Twenty years ago, when I started my career, many of these dynamics didn’t even have names. Today, the language around diversity and inclusion and the harm of hostile work environments is part of modern business parlance. It’s a good thing, but when you’re the only one in the room, the cynicism is also there. Virtue signaling. Lip service. Actions speak louder than words. These are the phrases that bubble up in my brain when I see business leaders talking about diversity and inclusion.
But when you’re a leader setting a team’s priorities, talk matters: because when your team internalizes it, walk follows talk. You state the goal, the strategic objective, the business case, and you restate it. And you restate it. And then you state it again.
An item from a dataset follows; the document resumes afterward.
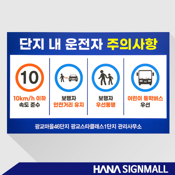 아파트 단지내 출구 안내판 단지내 서행 관리사무소 운전자 주의사항 표지판 제작

And when your team recognizes that moving in that direction equals success, plans, actions, and teamwork fall out of those statements.
This is why I’d advise any leader that no matter how uncomfortable or fraught it feels, or how hollow you worry it might sound, talking about diversity and inclusion issues at your company is a key part of leading a modern business today. Speaking openly and regularly about the incredible challenges of systemic bias and discrimination, how they show up on our teams and in our work, how they harm our team members and businesses, and what we’re doing to face them is essential to making progress. No one just assumes that diversity and inclusion matters if you haven’t explicitly said that it does. So I’m taking a moment to do just that.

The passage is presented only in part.